As with most major things in my life I have a tendency to keep them secret until I have worked out the best move in my own mind. So I kept my parents out of the loop for a week or so until I knew more about it.
The business turned over a few hundred thousand, had two employees and occupied a 70 square metre retail store. It was called “Second Surf” and had been in business for about 3 years. The only trouble was that it didn’t have a long lease. In fact the building was earmarked for re-development at some stage in the future.
Eventually I broke the news to my mum and dad. I can’t remember what I exactly said, but it was something to the effect of “Mum, dad, I found a business that I would like to buy”. To their credit my parents very rarely said no. They were more likely to ask “why”. This gave me the opportunity to explain my thought process and despite some misgivings gave me their blessing.
It was my money and it was made clear that I would be taking the risk. My share portfolio would act as “security” in case it all went belly up and I had to pay out the lease or put more money it to keep the business afloat.
Negotiating The Purchase Price
Negotiations took a couple of weeks but in the end we agreed that I would buy the business for stock value only or $20,000. This was my own “fall back” given the lack of a long term lease. Worse comes to worse I figured I could sell the stock and fixtures and fittings and come out even.
Interestingly enough I was able to sign the contract to purchase the business, but couldn’t sign the lease. So that ended up in my mum’s name. I took over the business of 1 July 2005 and initially had two staff working for me. They were both 10 years my senior but that didn’t seem to be an issue.
I would go to school during the week and then each day, Monday to Friday, would work in the store from 3:30pm till close. I would then work all day Saturday and Sunday. My staff would cover the other shifts during the day. I also re-branded the business to Liquid Surf about 9 months in.
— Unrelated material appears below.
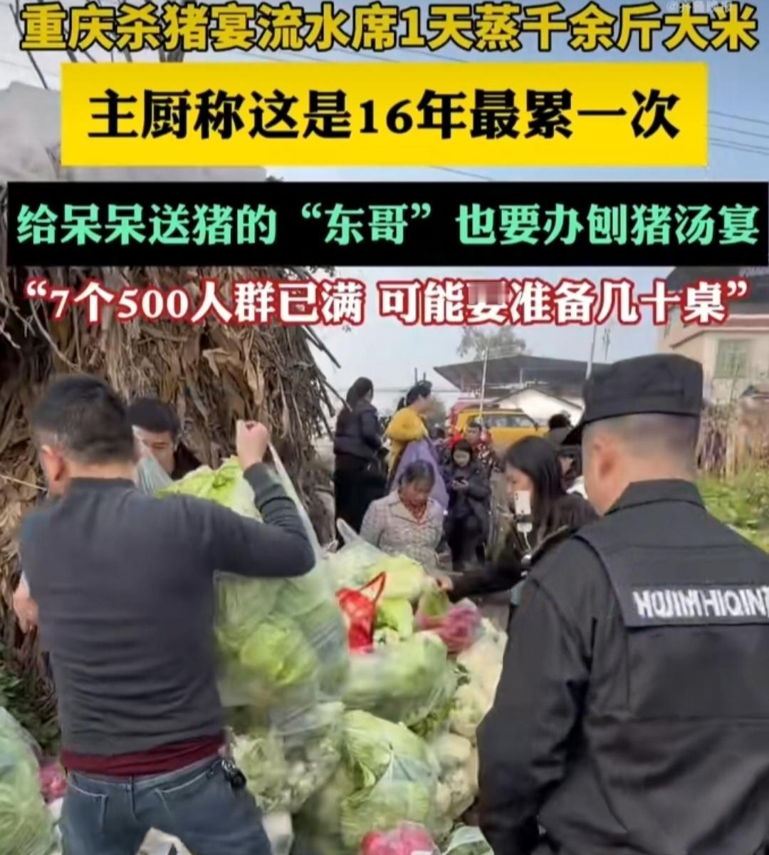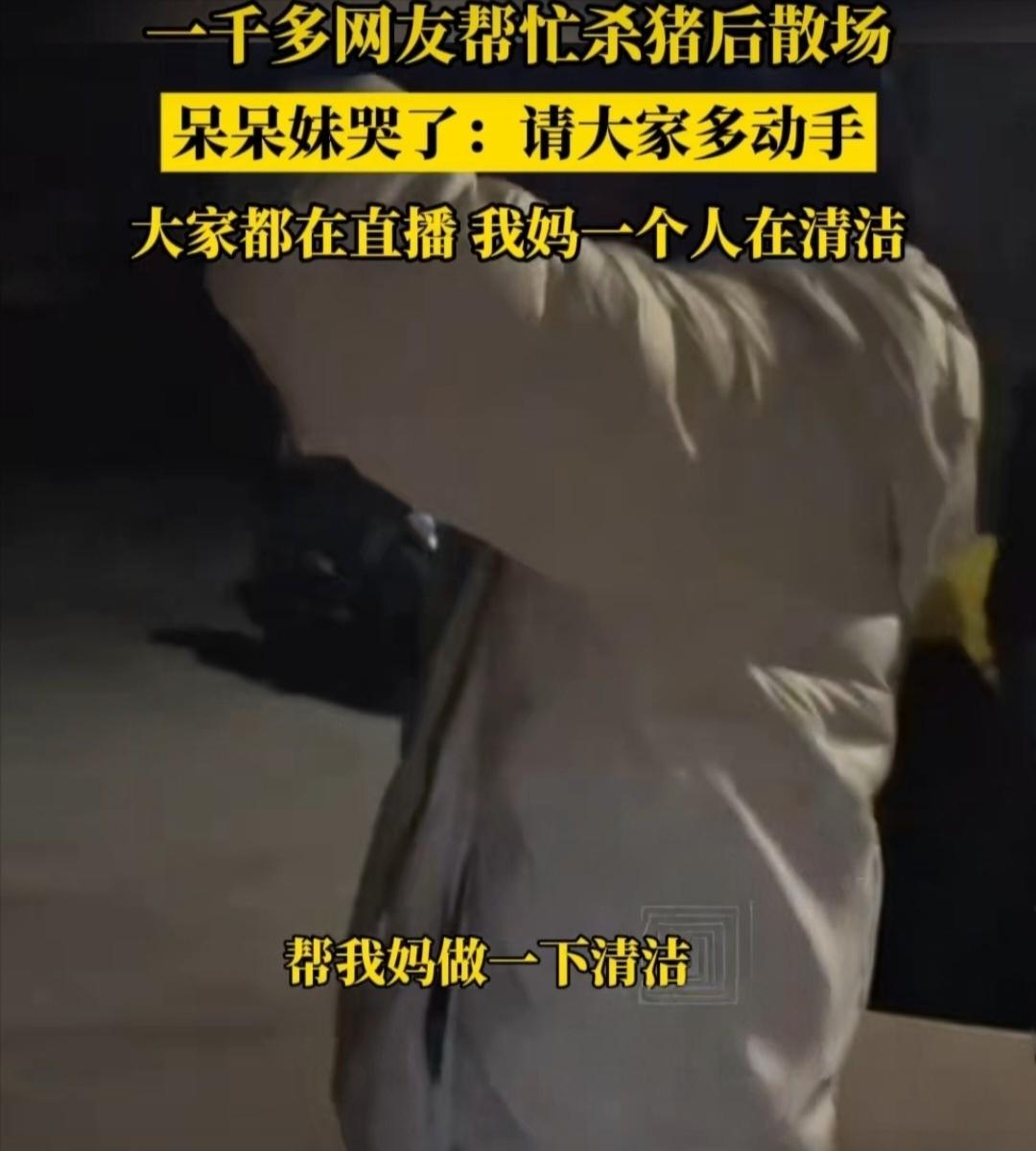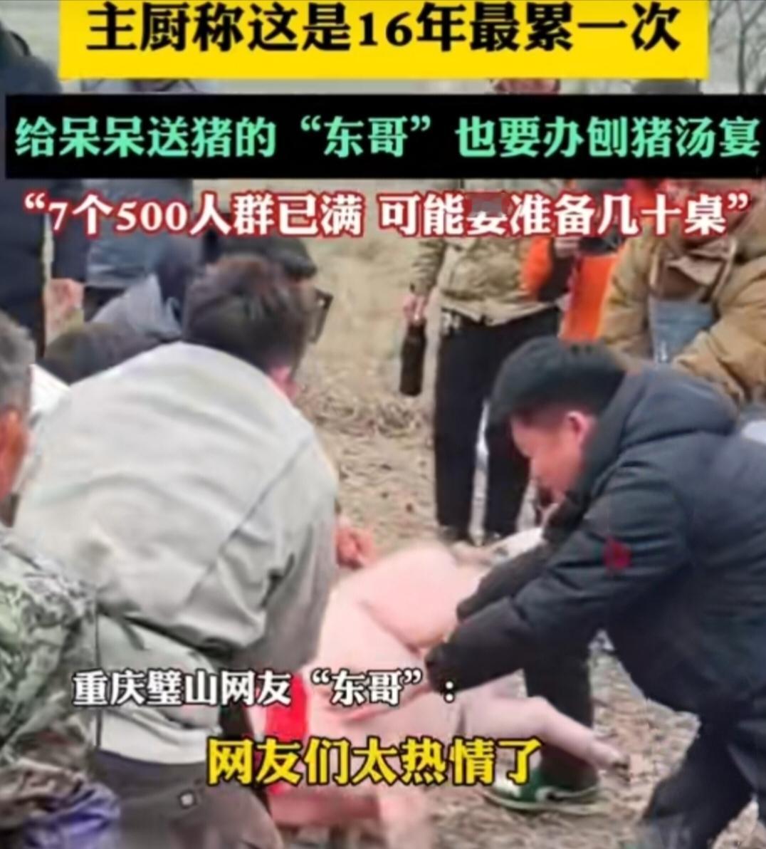 重庆女孩喊网友帮杀猪,结果办出千人流水席,一天蒸千余斤大米! 重庆合川的女孩呆呆火了!就因为在家要杀猪,随口在网上喊了句“来帮忙就管刨猪汤”,没想到上千名网友驱车赶来,直接把场面搞成了大型流水席,热闹得比过年还夸张。 这场杀猪宴的主厨蒋小燕,做了16年坝坝宴,直呼这是她最累的一次,从早上7点忙到晚上7点,光大米就蒸了1000多斤,油用了六七百斤,菜和调料更是装了好几皮卡车,不算人工成本就超10万,几头猪、几百斤鸡鸭鱼很快就被吃光了。 更有意思的是,给呆呆送猪的璧山“东哥”,看这阵仗也打算在当地办刨猪汤宴席,结果几千人报名,7个500人的群都满了,文旅部门还专门和他开会商量活动安排。 而呆呆后来哭着请求网友帮忙打扫卫生的样子也让人心疼,她说大家都忙着直播,只有妈妈一个人收拾。这场因一句随口的邀请引发的热闹,既透着浓浓的年味,也藏着普通人的温暖与无奈。呆呆 网红 网络 直播 重庆 合川杀年猪 合川杀猪 合川杀猪宴 合川年猪 重庆杀猪 合川杀猪晏

Lessons Learnt & Sacrifice
I ended up owning the business for almost 3 years. By that stage the writing was on the wall. The building was going to be demolished within the next 3 to 6 months and I had to make a call. I decided against relocating the business and building it up again in a new location. I didn’t envisage becoming a retail mogul and the business had more that served its purpose.
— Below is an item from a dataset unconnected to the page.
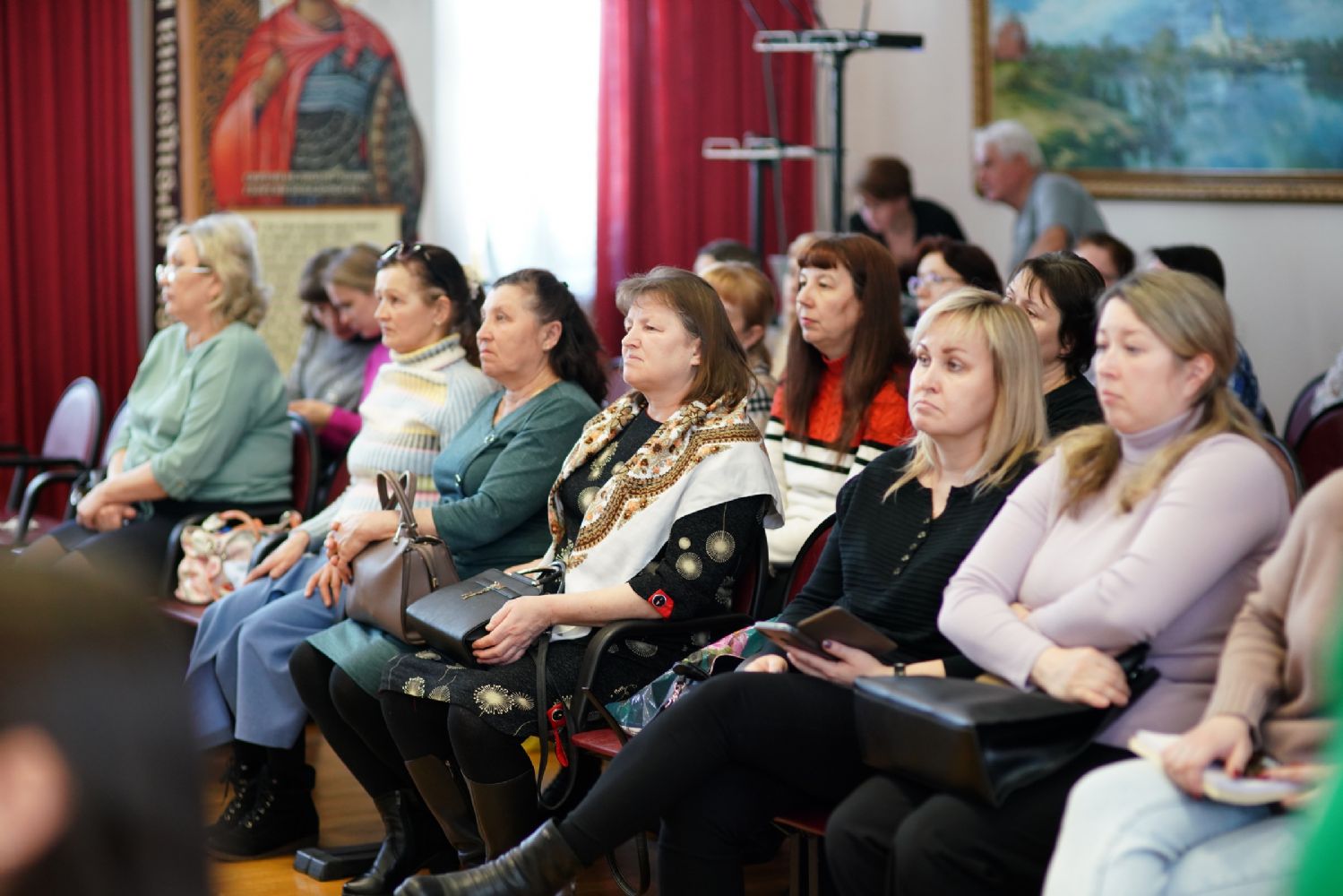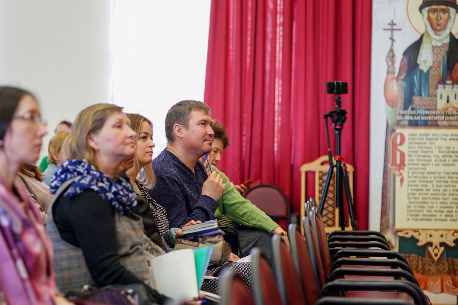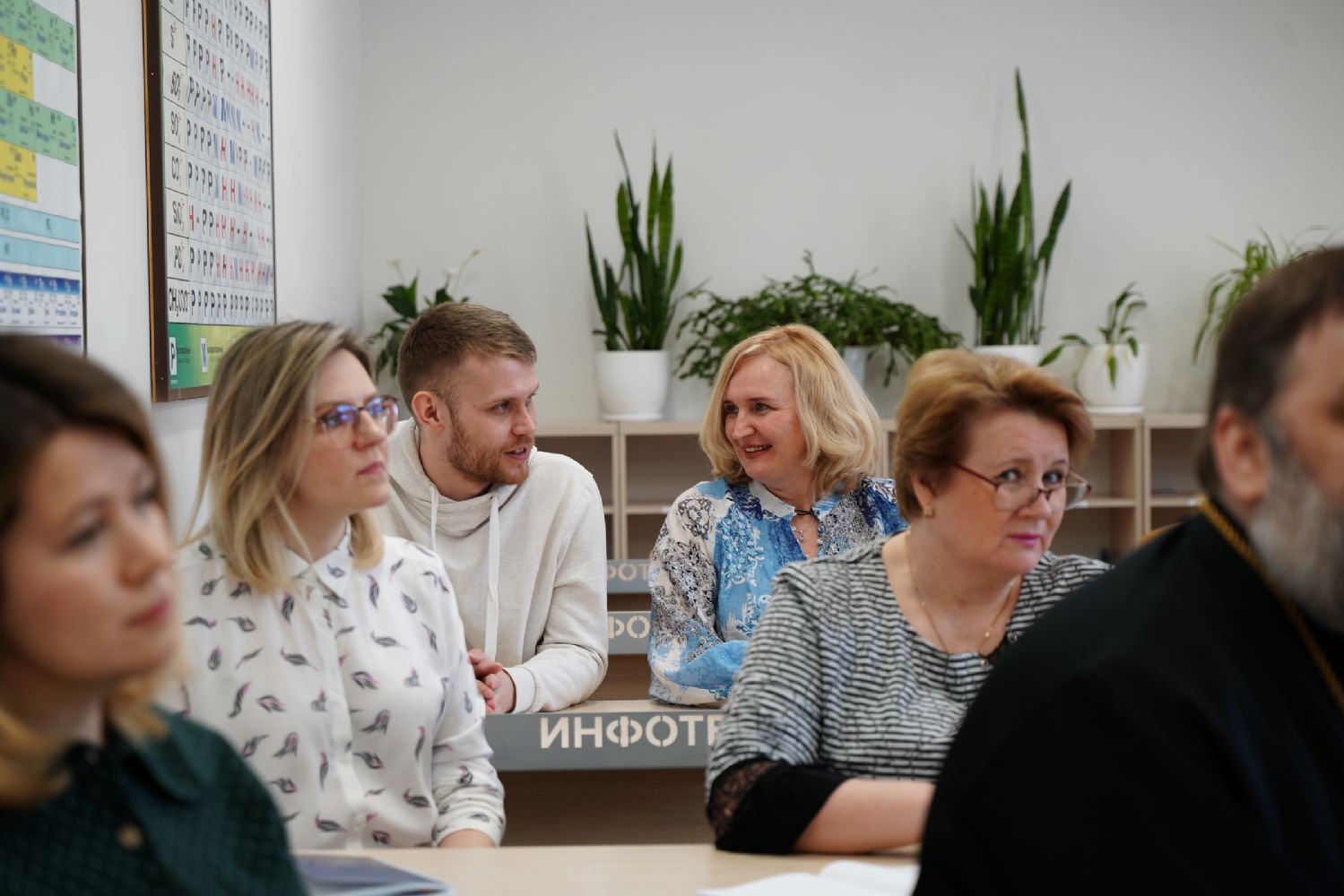 Во второй половине дня в аудиторию Православного центра Йошкар-Олинской епархии на встречу с нашими гостями пришли заместители директоров по учебно-воспитательной работе образовательных организаций г. Йошкар-Олы. Выступления педагогов Санкт-Петербурга вызвали живой отклик у участников встречи, особенно их заинтересовали авторские программы и разработки уроков по ОПК священника Димитрия Пономарева, а также модель формирования духовно-нравственного пространства в ГБОУ СОШ № 367 Фрунзенского района Санкт-Петербурга, с которой завучей познакомила Соколова Ирина Геннадьевна, директор данной школы.

I had learnt more about business, finance, marketing and management than I could imagine. At High School I was studying business, commerce, economics, etc, but there is nothing quite like owning and running a business. No book can teach you all the lessons, nor let you know what its really like.
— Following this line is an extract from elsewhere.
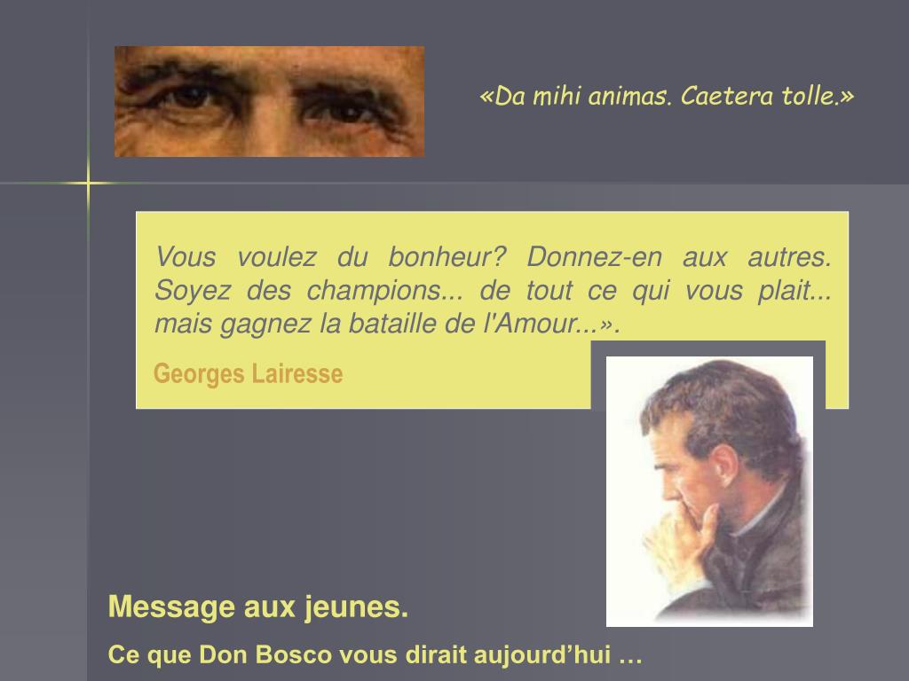 «Da mihi animas. Caetera tolle.» Vous voulez du bonheur? Donnez-en aux autres. Soyez des champions... de tout ce qui vous plait... mais gagnez la bataille de l'Amour...». Georges Lairesse Message aux jeunes. Ce que Don Bosco vous dirait aujourd’hui …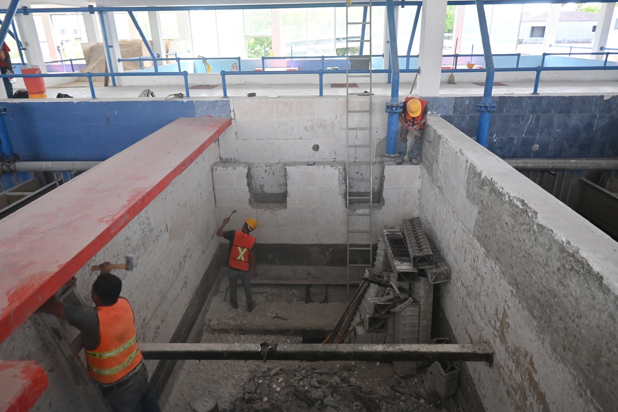H. Matamoros, Tamaulipas.- Los trabajos de rehabilitación en la planta potabilizadora 1 avanzan de manera significativa, particularmente en el área de filtración, donde se lleva a cabo el reemplazo de fondos y la colocación de nuevo material filtrante.

I felt the full swing of emotions during that time. The up’s, including when we sold more in one weekend than an entire month when we re-launched under the Liquid Surf brand. And the down’s, like going through winter and struggling to maintain sales for a period of time.
I also missed a lot of other things. I was in year 11 and 12 and spent every weekend working. I then had to manage doing homework, assignments and studying for examples outside of those hours. I was always on the go!
I don’t think that is a bad thing. It is just a thing. And to be honest it is the way I have always lived my life. I don’t like to stop. I don’t like to do nothing. I always have to be occupied. Perhaps that is a negative trait to some. But I have always seen it as a positive.
Tips For Young Entrepreneurs
Looking back my top tips for young entrepreneurs would be to find a way into business. Even at a younger age that I was. With the internet, mobile phones, apps and websites, it has never been easy to create a side business as a high school student.
If you are a parent or guardian and find that you have a daughter or son with the entrepreneurial spirit I encourage you to let them follow their dreams. Don’t give them a hand out. Let them try and succeed. Or try and fail. It doesn’t matter if they lose some money, the lessons they learn from this process will be priceless.